Unrivaled 2025: Bill Carmody of Susman Godfrey

June 25, 2025, 9:30 AM UTC

You served as lead trial counsel in In re: National Football League’s Sunday Ticket Antitrust Litigation. The jury awarded more than $4.7 billion in damages, one of the largest antitrust verdicts in US history. Though the trial court vacated this verdict on a post-trial motion, it left untouched the jury’s determination that the NFL violated two different provisions of the Sherman Act. Can you tell us about your trial strategy?

Our trial strategy was to expose the truth – and we did so by using the NFL’s own internal documents. We trusted that if we explained the story using the NFL’s own documents, then we would not need to “dumb things down” even though it was a complicated antitrust case. We believed that this strategy would prevent the NFL from credibly denying the truth and that the jury would be smart enough to understand why the NFL’s actions were so anticompetitive.

At a very high level, the case was about how the NFL teams reached a series of agreements with each other, with over-the-air broadcasters FOX and CBS, and with DirecTV to (1) require that out-of-market Sunday games were sold only as an exclusive DirecTV package for a “premium” price (2) in order to limit distribution of those out-of-market games and (3) in turn protect FOX and CBS from competition for viewership. In exchange, DirecTV, CBS, and FOX paid the NFL significant “exclusivity premiums” to the tune of billions of dollars – while the NFL’s most avid fans were overcharged and underserved.

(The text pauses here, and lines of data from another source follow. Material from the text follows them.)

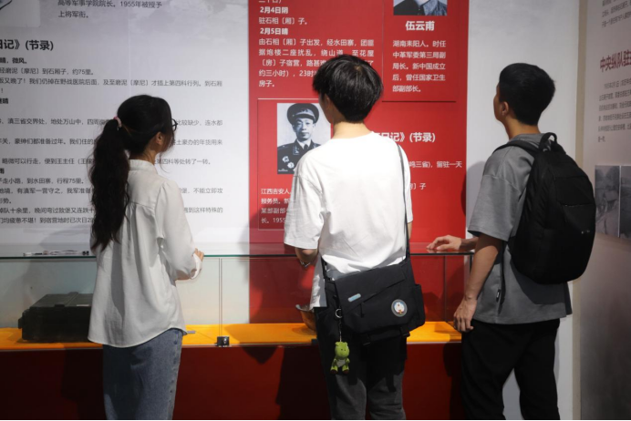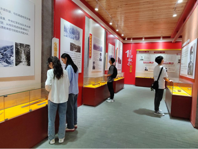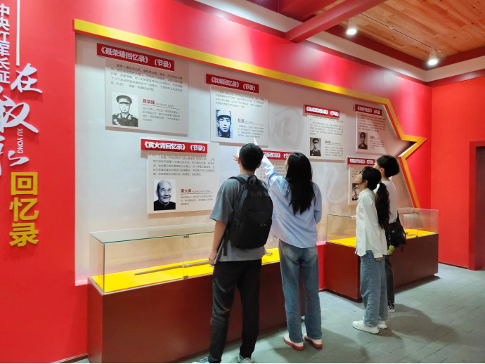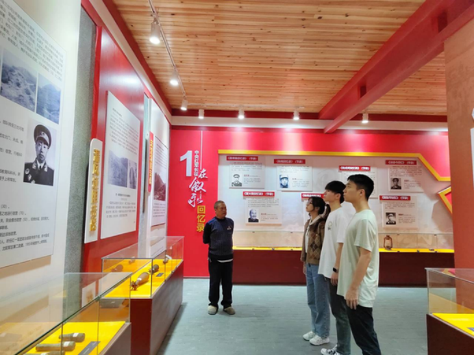 调研小组一行在讲解员老党员叶顶文老师的带领下,从“红军进驻石厢子”、“打土豪过开心年”、“鸡鸣三省石厢子会议”、“川南游击纵队”、“烈士英雄录”五个部分为大家介绍了中央红军在叙永石厢子的两天两夜。同学们依次参观了三个展厅。叶老师告诉我们,“鸡鸣三省”会议是遵义会议的延续和补充,是党和红军历史上又一次承前启后、继往开来的会议,它进一步巩固了毛泽东在党和红军中的领导地位,维护和增强了全党的统一和红军的团结。叶老师勉励同学们,希望大家不要忘记党,要珍惜现在的幸福时光,多向老一辈学习,肩负起建设祖国的重担,继续走好新的长征路。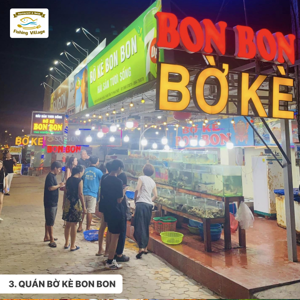 Quán Bờ Kè Bon Bon cũng là một địa chỉ ăn hải sản ngon ở Mũi Né. Quán nằm ngay cạnh bờ kè sông Cà Ty, có không gian rộng rãi, thoáng mát.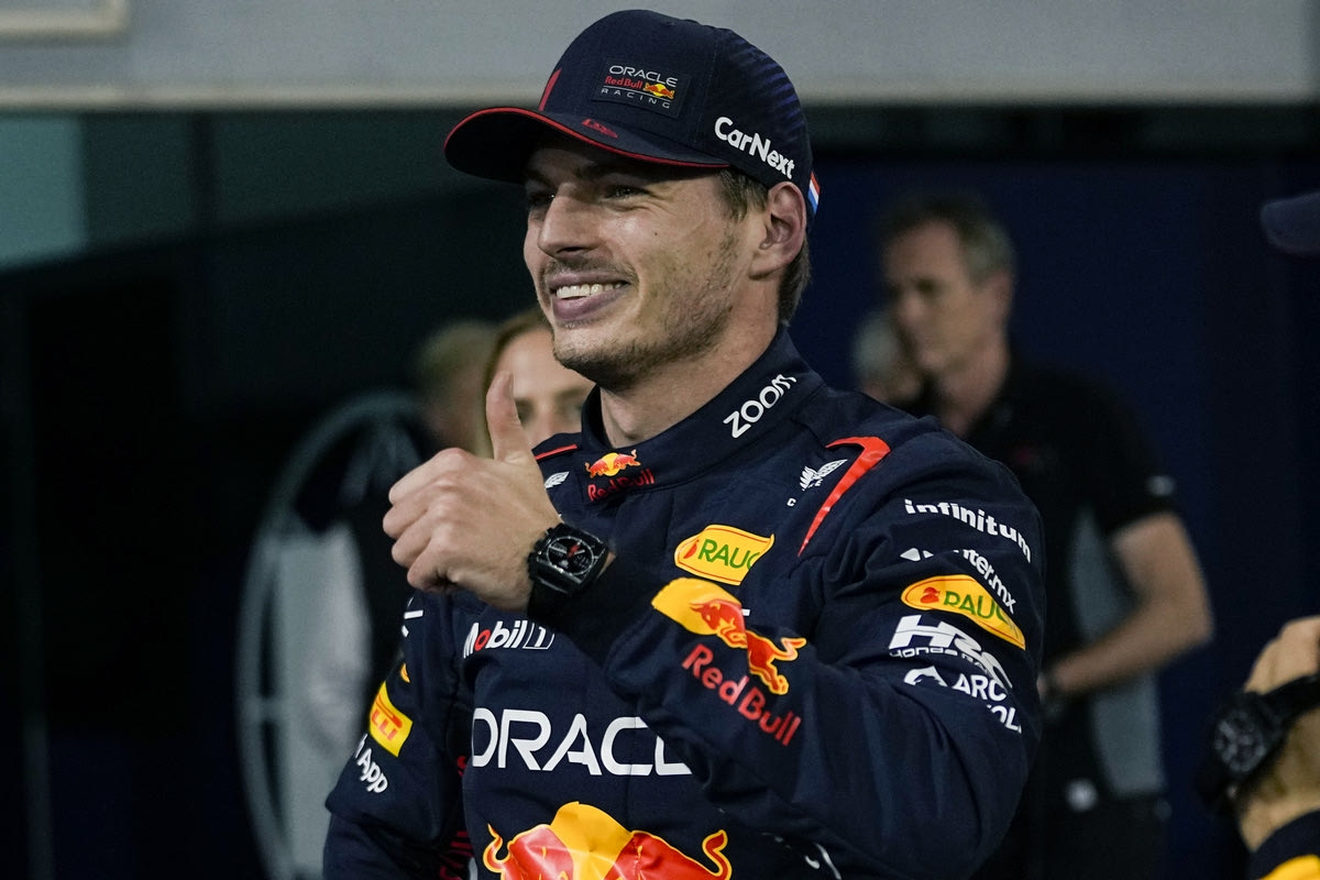 Red Bull driver Max Verstappen of the Netherlands reacts as he finishes at pole position during the Formula One qualifying at the Bahrain International Circuit in Sakhir, Bahrain, Saturday, March 4, 2023. The Bahrain GP will be held on Sunday March 5, 2023.(AP Photo/Frank Augsten)

Those core facts could not be disputed at trial. And while NFL witnesses denied during their sworn testimony that the NFL had any involvement in influencing the specific price DirecTV charged for Sunday Ticket, we didn’t let that discourage us. Instead, we embraced that testimony and showed the jury, based on the NFL’s own documents, that this “company line” simply wasn’t true.

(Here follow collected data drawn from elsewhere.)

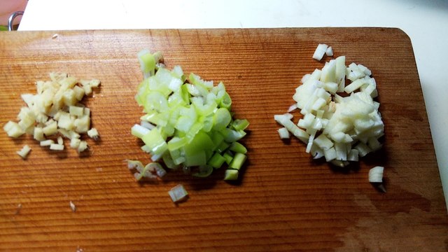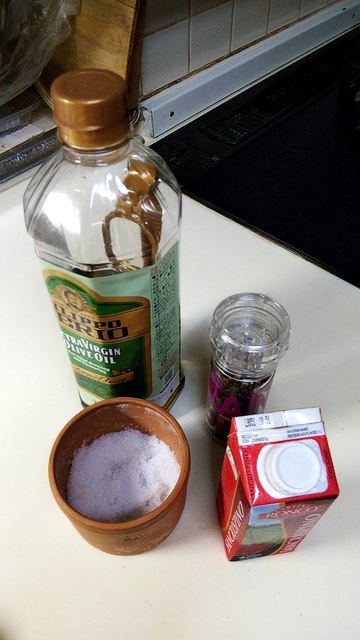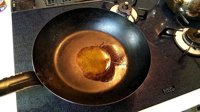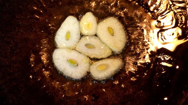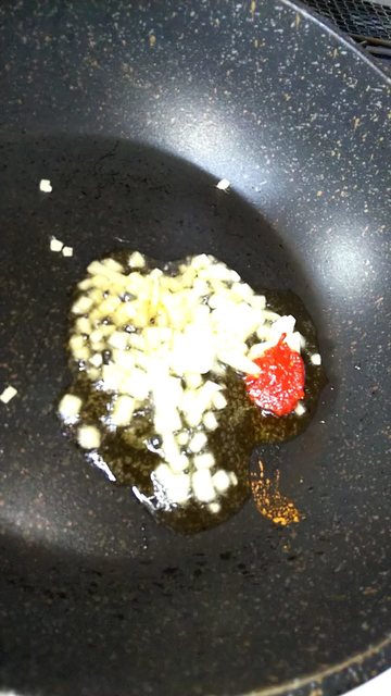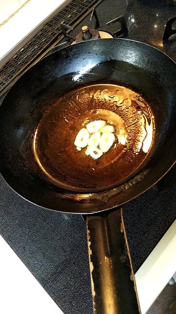 オリーブオイル大匙ニ杯と大蒜入れて弱火に掛けます。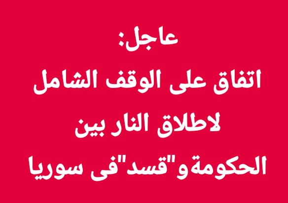 اعلنت "قسد" انه تم الاتفاق على إيقاف إطلاق النار بين الحكومة السورية وقواتها بموجب اتفاق شامل.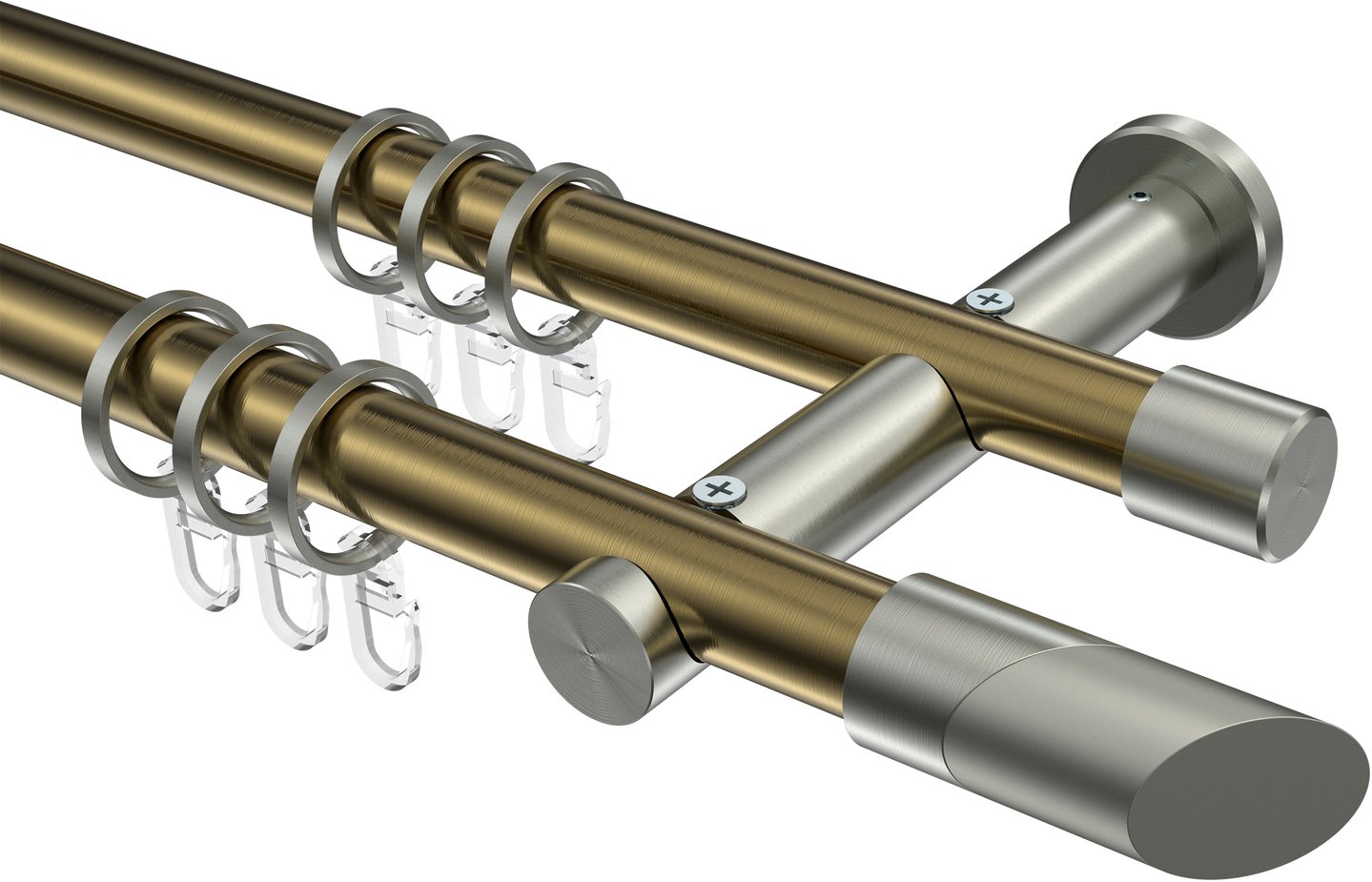 Gardinenstangen aus Metall in 20 mm Ø, 2-läufig, Modell PLATON - Verano Messing Antik / Edelstahl-Optik

Can you describe a major hurdle that happened during the course of the NFL antitrust case? How did you overcome it?

The case was initially dismissed on the pleadings, a decision which we appealed to the Ninth Circuit and successfully reversed. Obviously, we are facing a similar challenge now based on the trial court’s post-trial rulings and are similarly appealing. We hope the jury’s verdict, and the truth, will prevail.

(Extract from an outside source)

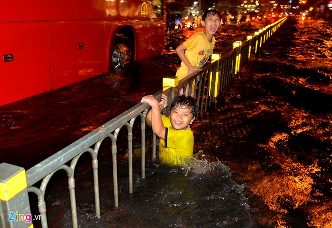Taxi và nhiều ôtô tăng tốc độ gây sóng đánh sang hai bên làm liêu xiêu tay lái người đi xe máy. Một số trẻ em tại khu vực ngập nước trên đường Kinh Dương Vương đùa giỡn, bơi giữa đường. Nhiều hoạt động kinh doanh tại những tuyến đường ngập nước bị ngưng trệ hoàn toàn. Nước rút rất chậm, đến 21h tối khu vực này vẫn như một con sông.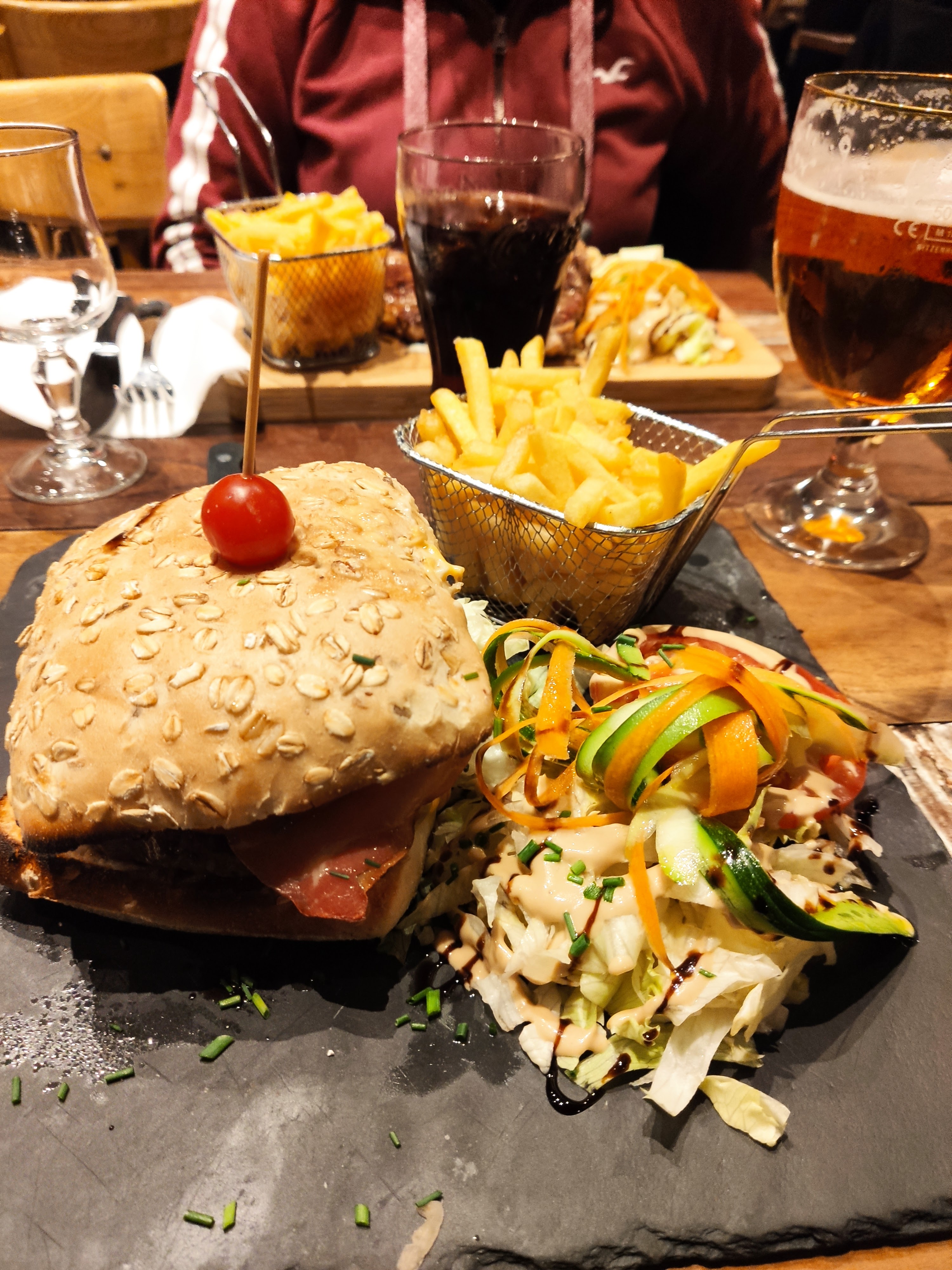 Nous avons mangé un burger XXL qui porte bien son nom ! Très bon burger, accompagné d'une salade de différents légumes et de frites. Du sel de camargue est à disposition à table. Nous avons très bien mangé, au cœur de la vieille ville. Le service était rapide, et le personnel souriant !

When did you first know you wanted to be a trial lawyer? What clicked for you?

As a kid—and I’m dating myself—I loved Perry Mason. The investigation, trial traps, and jury verdicts captivated me. I loved the theater of trial and wanted to be the one who captivated the jury and convinced them of the right result — a win for my client.

What are the major keys to winning over a jury or a judge?

Be yourself. Too often, lawyers try to act like someone else and juries see right through it. They can spot the act a mile away. The moment you start pretending, you create a wall between yourself and the very people you need to persuade.
A jury will only believe you if you are genuine and comfortable in your own skin. That’s why authenticity is every trial lawyer’s greatest weapon.

What’s the best advice a mentor lawyer or judge gave you about trial prep?

“You don’t have to be the smartest lawyer in the courtroom, but you had better be the most prepared. The most prepared will win almost every time.”